Angela Merkel Continues Her Reisistance to “Crass Keynesianism”

by Mario Rizzo

Macro-policy economists are in a bad way. They cannot stand dissent. The New York Times reports that Angela Merkel’s government refuses to start spending as if it were going out of style. She sees the current crisis as the result of distortions caused by excessive and misdirected credit. Paul Krugman has also expressed frustration with the German lack of enthusiasm for a big stimulus. To give the reader the feel for this apoplexy:

Right now everyone sees the need for a large, pan-European fiscal stimulus.

Everyone, that is, except the Germans. Mrs. Merkel has become Frau Nein: if there is to be a rescue of the European economy, she wants no part of it, telling a party meeting that “we’re not going to participate in this senseless race for billions.”

Last week Peer Steinbrück, Mrs. Merkel’s finance minister, went even further. Not content with refusing to develop a serious stimulus plan for his own country, he denounced the plans of other European nations. He accused Britain, in particular, of engaging in “crass Keynesianism.”

Read the rest of it. Not only must the planners circumvent, when convenient, the legislative process in the US but they demand that the whole world follow in lock-step. One World, One Macro Theory, One Policy.

See my previous posts: Planning and Democracy, Interesting Idea from Angela  Merkel in Swabia.

4 thoughts on “Angela Merkel Continues Her Reisistance to “Crass Keynesianism”

  1. Mario,
    Germany continues to hold much more sensible views than the rest of Europe. On the other hand, they also have the best labor market.

    What’s interesting to me is how much better the ECB is than the Fed.
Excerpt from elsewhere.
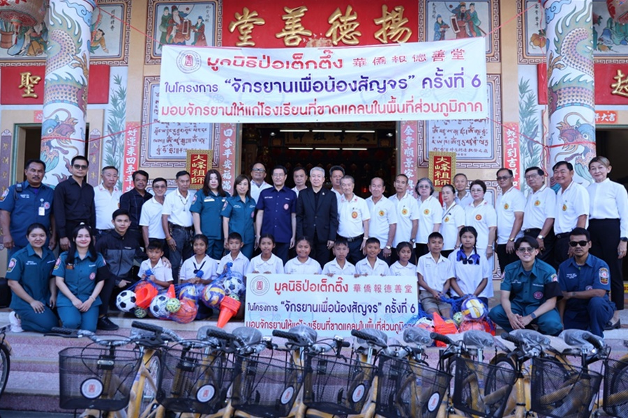 ระหว่างวันที่ 11 พฤศจิกายน 2568 – 22 มกราคม 2569 มูลนิธิป่อเต็กตึ๊ง โดย นายวิเชียร เตชะไพบูลย์ ห่วงใยนักเรียนในพื้นที่ชนบทภาคกลางและภาคใต้ มอบหมายให้ คณะกรรมการ และผู้ช่วยกรรมการมูลนิธิฯ นำโดย นายจารุรัตน์ คุณัตถานนท์ กรรมการและเหรัญญิก นายสุรพงศ์ เสรฐภักดี กรรมการและรองเหรัญญิก นายชาญกิจ วิทยาวรากรณ์ กรรมการ นายชูเดช เตชะไพบูลย์ ผู้ช่วยกรรมการ นำทีมฝ่ายสาธารณภัย และฝ่ายสังคมสงเคราะห์ ลงพื้นที่ภาคกลางและภาคใต้ มอบรถจักรยานพร้อมอุปกรณ์กีฬาและค่าพาหนะให้แก่โรงเรียนชนบทที่ขาดแคลนภาคกลางและภาคใต้ ในโครงการ “จักรยานเพื่อน้องสัญจร” ครั้งที่ 6 รวม 20 จังหวัด 100 โรงเรียน ประกอบด้วย จังหวัดพระนครศรีอยุธยา ลพบุรี ชัยนาท สุพรรณบุรี กาญจนบุรี สมุทรสงคราม ชลบุรี จันทบุรี ตราด สระแก้ว ชุมพร สุราษฎร์ธานี นครศรีธรรมราช พัทลุง ตรัง สตูล สงขลา ปัตตานี ยะลา และนราธิวาส รวมจำนวนจักรยาน 2,000 คัน อุปกรณ์กีฬา จำนวน 100 ชุด และค่าพาหนะแก่โรงเรียนๆ ละ 2,000 บาท รวมงบประมาณดำเนินการทั้งสิ้น 2,854,000 บาท (สองล้านแปดแสนห้าหมื่นสี่พันบาทถ้วน) เพื่ออำนวยความสะดวกแก่นักเรียนที่ประสบปัญหาในการเดินทางมาโรงเรียน รวมถึงเป็นการแบ่งเบาภาระค่าพาหนะแก่ผู้ปกครองได้อีกทางหนึ่ง อีกทั้งยังเสริมสร้างให้นักเรียนได้ออกกำลังกาย เรียนรู้กฎจราจร เรียนรู้การแบ่งปัน และดูแลรักษาสาธารณสมบัติร่วมกัน

Jurgen Stark, chief economist at the ECB, has referred favorably to papers in his speeches that are empirical studies of booms & busts which lay the blame at expansions of money and credit. The head of the Bundesbank, Axel Weber, also is pretty reasonable. If you ever check out their Monthly Bulletins, they actually care what happens to monetary aggregates at the ECB.

    Not saying they’re perfect over there, but they have much more reasonable monetary policy (in addition to their fiscal policy) than in the U.S.

  2. Indeed, J. Stark must be one of the main man behind the rather reluctant responses of the ECB. In accordance with a paper I co-wrote, he has officially stated that “rolling bubbles” fuelled by too much liquidity, seem to roll from one market to another (as long as liquidity conditions are undue).
    When I met J. Stark, he was friendly and sharp minded person. His views on the importance of monetary stability seem to be close to ours.

  3. I want to thank Andreas for this very interesting contribution to an important discussion. Andreas will be a visiting fellow at NYU in the Fall, 2009.